I am practicing the keras method called concatenate.
And use of with statement in this example kind of got me thinking the purpose of this statement
The example code looks like:
import numpy as np
import keras.backend as K
import tensorflow as tf
t1 = K.variable(np.array([ [[1, 2], [2, 3]], [[4, 4], [5, 3]]]))
t2 = K.variable(np.array([[[7, 4], [8, 4]], [[2, 10], [15, 11]]]))
d0 = K.concatenate([t1 , t2] , axis=-2)
init = tf.global_variables_initializer()
with tf.Session() as sess:
sess.run(init)
print(sess.run(d0))
Then I check document from: tensorflow and says that:
A session may own resources, such as tf.Variable, tf.QueueBase, and tf.ReaderBase. It is important to release these resources when they are no longer required. To do this, either invoke the tf.Session.close method on the session, or use the session as a context manager.
Which I believe has already explained all of it,but can somebody give me more intuitive explanation.

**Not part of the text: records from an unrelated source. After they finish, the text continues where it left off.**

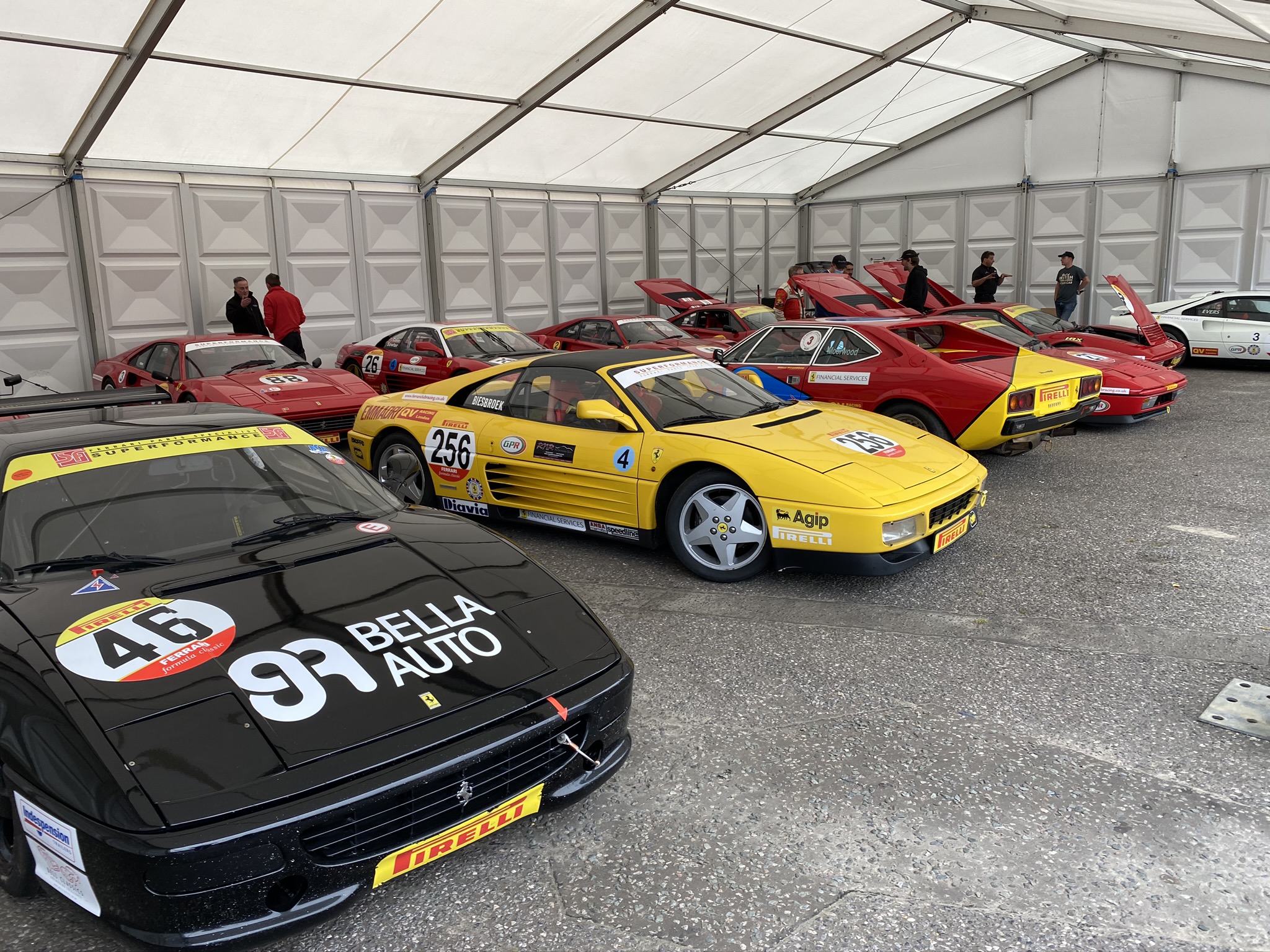 Race day one. This was the only day I could get some practice. The UK Owners club had a reserved paddock for the Pirelli Ferrari Trofeo Classic participants while the pitlane was reserved for the Ferrari 488 Challenge cars participating to the Ferrari Challenge UK. I received a warm welcome by the organising committee and met a few drivers of the race. What struck me immediately was the good atmosphere in the paddock. As an international guest to this racing series, and therefore a bit of an outsider, it was very comforting to be welcomed like this and get compliments on the car.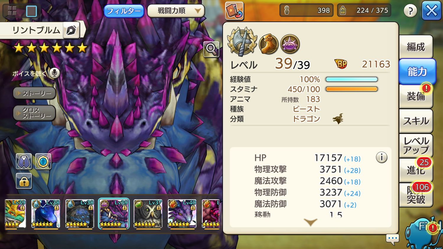③ガブ太郎ことリントブルム君。★6装備無いと4000はキツそうだ(T_T)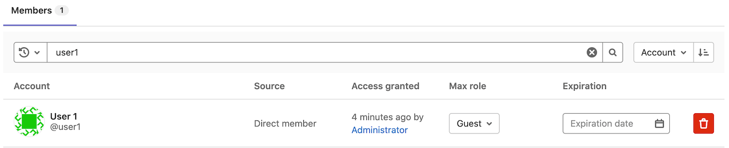 - 用户 1 直接属于该项目。在 源 列中,他们被列为 直接成员。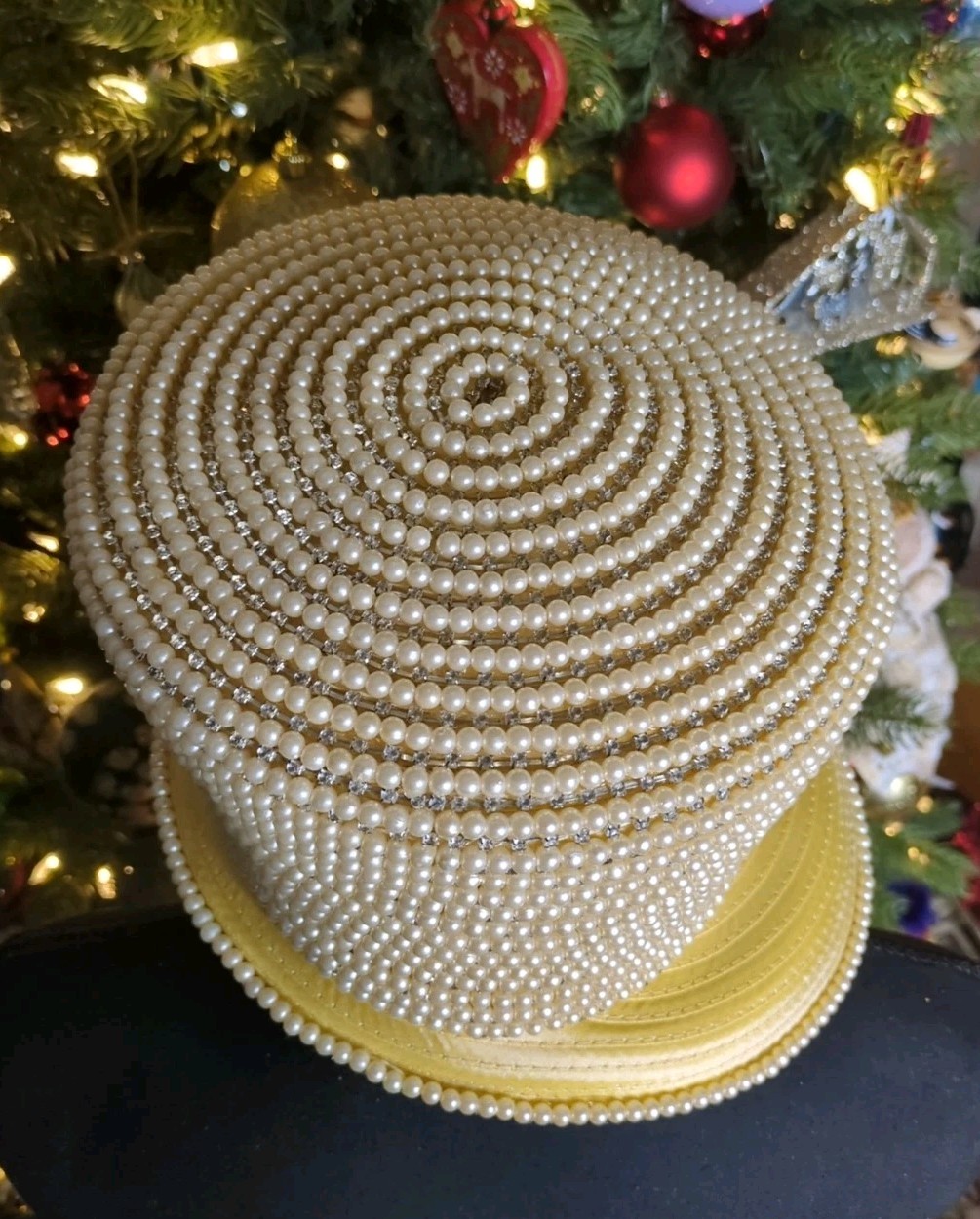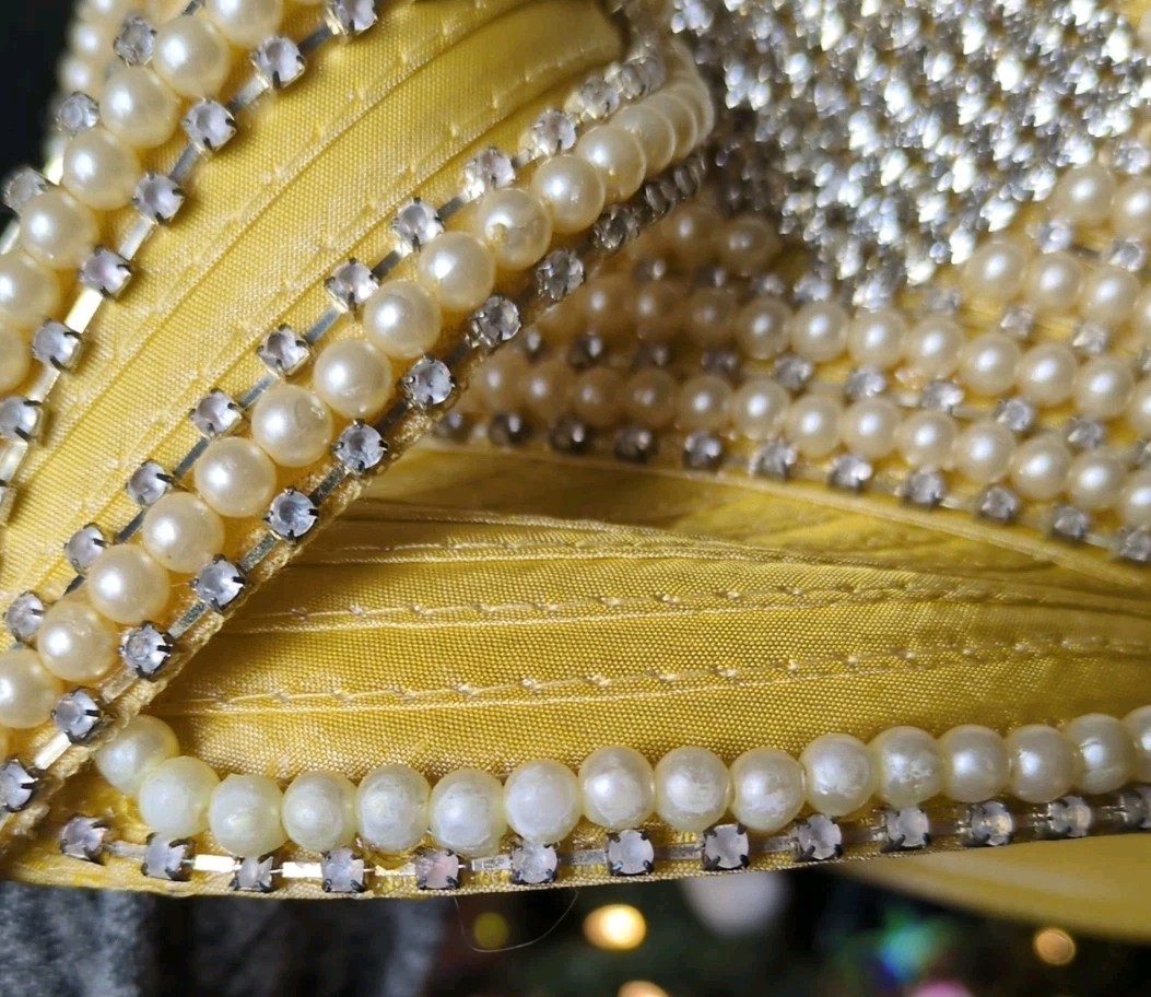 Vintage Donna Vinci Couture Hat Banana, Heavy Pearl, Rhinestone Detail, With Box

Thanks in advance and have a nice day!
tf.Session()
initiates a TensorFlow Graph object in which tensors are processed through operations (or ops). The with
block terminates the session as soon as the operations are completed. Hence, there is no need for calling Session.close
. Also, a session contains variables, global variables, placeholders, and ops. These have to be initiated once the session is created. Hence we call tf.global_variables_initializer().run()
A graph contains tensors and operations. To initiate a graph, a session is created which runs the graph. In other words, graph provides a schema whereas a session processes a graph to compute values( tensors ).